Exercise details:
Out of the material that follows, write out exactly the lines from the line with "Для студентов МГТУ" to the line with "Andcopenhagen Nima øreringe", both ends included, and no others.

Listed records:
-----

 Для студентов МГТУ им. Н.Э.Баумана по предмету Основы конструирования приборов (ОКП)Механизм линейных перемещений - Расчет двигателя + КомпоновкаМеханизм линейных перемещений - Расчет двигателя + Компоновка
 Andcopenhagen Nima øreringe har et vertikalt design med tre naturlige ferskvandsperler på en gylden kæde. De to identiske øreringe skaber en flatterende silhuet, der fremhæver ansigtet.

-----

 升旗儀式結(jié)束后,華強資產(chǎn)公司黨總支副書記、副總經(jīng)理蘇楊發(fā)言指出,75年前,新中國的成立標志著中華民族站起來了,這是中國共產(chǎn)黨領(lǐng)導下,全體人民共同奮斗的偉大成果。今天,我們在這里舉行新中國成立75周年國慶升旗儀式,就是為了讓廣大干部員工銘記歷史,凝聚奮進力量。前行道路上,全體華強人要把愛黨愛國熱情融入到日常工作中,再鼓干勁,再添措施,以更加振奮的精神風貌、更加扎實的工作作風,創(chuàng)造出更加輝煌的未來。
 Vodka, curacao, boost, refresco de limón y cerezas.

-----

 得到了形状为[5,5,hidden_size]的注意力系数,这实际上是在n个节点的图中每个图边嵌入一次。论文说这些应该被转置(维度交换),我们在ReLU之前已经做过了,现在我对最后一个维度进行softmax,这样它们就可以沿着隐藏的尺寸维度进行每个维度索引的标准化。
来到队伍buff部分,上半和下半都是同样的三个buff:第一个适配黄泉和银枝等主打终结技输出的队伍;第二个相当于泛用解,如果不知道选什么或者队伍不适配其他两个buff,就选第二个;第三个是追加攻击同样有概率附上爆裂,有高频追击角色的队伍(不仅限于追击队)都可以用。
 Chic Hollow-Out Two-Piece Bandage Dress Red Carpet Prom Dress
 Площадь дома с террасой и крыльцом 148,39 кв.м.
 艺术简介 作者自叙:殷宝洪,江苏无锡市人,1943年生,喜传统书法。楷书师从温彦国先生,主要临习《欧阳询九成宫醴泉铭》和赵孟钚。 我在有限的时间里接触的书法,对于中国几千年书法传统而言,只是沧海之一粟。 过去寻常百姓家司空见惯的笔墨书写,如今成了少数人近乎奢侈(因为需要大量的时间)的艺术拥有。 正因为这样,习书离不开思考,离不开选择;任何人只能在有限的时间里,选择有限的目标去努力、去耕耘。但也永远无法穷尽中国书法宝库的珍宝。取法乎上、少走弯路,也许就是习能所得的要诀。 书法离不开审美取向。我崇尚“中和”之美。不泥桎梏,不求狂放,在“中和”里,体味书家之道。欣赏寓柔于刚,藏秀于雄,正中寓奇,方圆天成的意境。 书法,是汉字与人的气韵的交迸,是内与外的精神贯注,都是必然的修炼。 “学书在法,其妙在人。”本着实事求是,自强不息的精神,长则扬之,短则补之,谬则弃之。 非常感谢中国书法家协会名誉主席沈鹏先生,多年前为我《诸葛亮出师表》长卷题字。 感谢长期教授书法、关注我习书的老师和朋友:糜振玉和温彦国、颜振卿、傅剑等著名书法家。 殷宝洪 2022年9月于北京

-----

Solution:
 Для студентов МГТУ им. Н.Э.Баумана по предмету Основы конструирования приборов (ОКП)Механизм линейных перемещений - Расчет двигателя + КомпоновкаМеханизм линейных перемещений - Расчет двигателя + Компоновка
 Andcopenhagen Nima øreringe har et vertikalt design med tre naturlige ferskvandsperler på en gylden kæde. De to identiske øreringe skaber en flatterende silhuet, der fremhæver ansigtet.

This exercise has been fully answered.